If you need a good laugh, just go to a supermarket at a busy time. Friday teatimes or Saturday lunchtimes, for example. Go in but don’t stray too far from the door. Then just hang around, looking all unconcerned and non-suspicious until you spot a target.
Keep your beady eyes on the area around the self-service checkout. You are looking for someone over 60 – no maybe 50 – who is just about to use it for the first time.
They have heard that they are faster than the usual checkouts. They have not dared to use them until now. They are in a hurry. Then they go for it.
Scanning each item and making sure the barcode is facing a wee window is the first problem.
When they are in a hurry and they are flustered in case anyone is watching them, they can miss the barcodes and have to keep rotating the cornflakes endlessly until the beep finally comes.
“In 2015, shoppers voted that phrase one of the most annoying things ever, so it has been ditched by most”
Everything has a barcode – except the bags of veg. So on go the glasses to select Vegetables and then Carrots on the screen.
Everything must prompt a beep. Was that a beep or was that from the check-out next to them? It wasn’t.
Many people get confused and say they have a blonde moment when they use these machines.
That is so not fair on anyone with fair hair because I have seen brunettes and silver foxes of all kinds looking glaikit and trying to summon assistance because they have messed up at these checkouts.

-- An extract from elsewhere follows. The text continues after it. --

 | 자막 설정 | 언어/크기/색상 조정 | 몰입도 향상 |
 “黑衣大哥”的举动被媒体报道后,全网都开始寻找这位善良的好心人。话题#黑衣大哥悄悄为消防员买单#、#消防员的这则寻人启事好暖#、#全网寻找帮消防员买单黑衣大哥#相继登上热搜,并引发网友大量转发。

They think it’s beeped but it hasn’t and the robots can detect the weight of something that wasn’t scanned and let you know. That’s when the technology kicks in.
It used to say “Unexpected item in the bagging area”. No explanation of what or where that is.

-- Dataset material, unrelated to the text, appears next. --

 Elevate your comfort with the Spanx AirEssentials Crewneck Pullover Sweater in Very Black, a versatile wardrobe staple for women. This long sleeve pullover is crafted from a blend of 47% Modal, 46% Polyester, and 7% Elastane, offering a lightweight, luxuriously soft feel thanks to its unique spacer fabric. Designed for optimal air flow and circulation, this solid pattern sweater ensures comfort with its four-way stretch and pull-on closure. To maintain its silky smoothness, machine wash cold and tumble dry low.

Which is why that phrase was voted one of the most annoying things ever by shoppers in 2015 so it has been ditched by most supermarkets. Now it just tends to say “Please wait for assistance”. Oh yeah, much better.
However, they still haven’t fixed the confusion when you try to pay by card.
How many times have I tried to push my blue contactless wonder into the orifice that gives the change?
There should be a flashing light around the correct slot. Or maybe they should use the booming electronic voice to harken back to The Golden Shot – a TV show in the 1970s hosted by Bob Monkhouse they keep threatening to bringback. If they did that, the machine could say “Up a bit, left a bit, right a bit.”
Then, with a loud fanfare and sparkly confetti falling from the ceiling, the guy who does the voiceover on X Factor could come over the speakers and announce: “Yeeeees. You have found it. Insert your card nooooow”.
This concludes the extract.